Der Europäische Gerichtshof (EuGH) in Luxemburg hat die deutsche Regelung zur Vorratsdatenspeicherung (VDS) für rechtswidrig erklärt. Gegen dieses Gesetz hatten die Telekom und der Münchener Internetanbieter SpaceNet AG geklagt. Wie in mehreren Urteilen in der Vergangenheit sprechen sich die Richter erneut gegen eine anlasslose Speicherung von Kommunikationsdaten wie etwa Datum und Dauer von Telefongesprächen aus. Nach Auffassung des EuGH könnten aus Telefon- und Internetdaten Rückschlüsse auf das Privatleben der Bürgerinnen und Bürger gezogen werden, was einen unerlaubten Eingriff in das Recht auf Privatsphäre darstellt.

Allerdings erlauben die Richter auch bestimmte Ausnahmen, bei denen eine begrenzte Datenspeicherung zulässig ist. Dazu gehört etwa der Schutz der nationalen Sicherheit. Auch an Orten wie Bahnhöfen oder Flughäfen, an denen das Risiko für schwere Straftaten erhöht ist, dürfen Sicherheitsbehörden die Speicherung von Daten auf Vorrat veranlassen. Außerdem dürfen grundsätzlich IP-Adressen von Computern erhoben werden.

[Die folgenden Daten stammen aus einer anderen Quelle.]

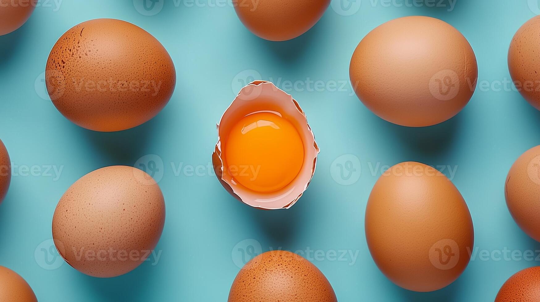 Egg pattern with a distinct anomaly of crushed shell showing egg yolk solid background Pro Photo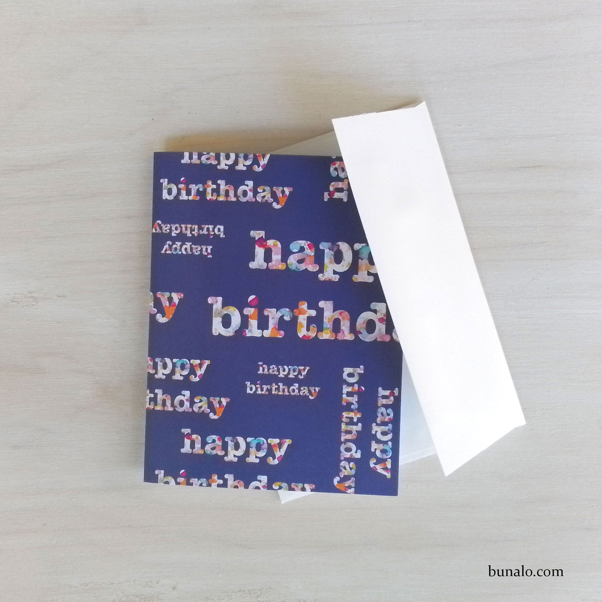 Keep a set of colorful birthday cards on hand for those unexpected office birthday parties or other last-minute occasions. I used my abstract alcohol ink design to create the "happy birthday" lettering on a periwinkle background. The back of the card is plain.

Vorratsdatenspeicherung seit Langem umstritten

Spätestens seit Verabschiedung der EU-Richtlinie 2006/24/EG, die den Mitgliedsstaaten der EU die Einführung der Vorratsdatenspeicherung vorschrieb, ist die anlasslose Speicherung von persönlichen Kommunikationsdaten ein in Europa äußerst umstrittenes Thema. Befürworter der VDS sehen in ihr etwa ein notwendiges Instrument, um schwere Straftaten wie Terrorismus oder Kinderpornographie zu verhindern oder aufzuklären. Kritiker sehen dagegen einen unverhältnismäßigen Eingriff in die Grundrechte der Bevölkerung und monieren, dass auf Vorrat gespeicherte Daten nur selten zur Aufklärung der genannten Straftaten beitragen würden.

EuGH beendet Rechtsunsicherheit letztinstanzlich

Auch die Justiz hat sich in der Vergangenheit mehrfach mit dem sensiblen Thema beschäftigt. Im Jahr 2010 hatte das Bundesverfassungsgericht die deutschen Vorschriften zur Vorratsdatenspeicherung für verfassungswidrig erklärt. 2014 folgte ein Urteil des Europäischen Gerichtshofs, das die EU-Richtlinie 2006/24/EG als unvereinbar mit der Charta der Grundrechte der Europäischen Union bewertete. Dennoch führte die große Koalition aus Union und SPD die VDS 2015 erneut ein – wenn auch mit deutlich verkürzten Speicherpflichten.

Seit 2017 war die Regelung in Deutschland vorübergehend ausgesetzt. Mit dem letztinstanzlichen Urteil des EuGH endet jetzt eine Phase jahrelanger Rechtsunsicherheit. Die Bundesregierung ist nun dazu verpflichtet, das Gesetz zur Vorratsdatenspeicherung EU-rechtskonform zu überarbeiten. In der Ampel-Koalition bestehen dazu unterschiedliche Auffassungen. Während Grüne und FDP dafür plädieren, die VDS aus dem Gesetz zu streichen, will Bundesinnenministerin Nancy Faeser (SPD) die vom EuGH definierten „Spielräume nutzen“.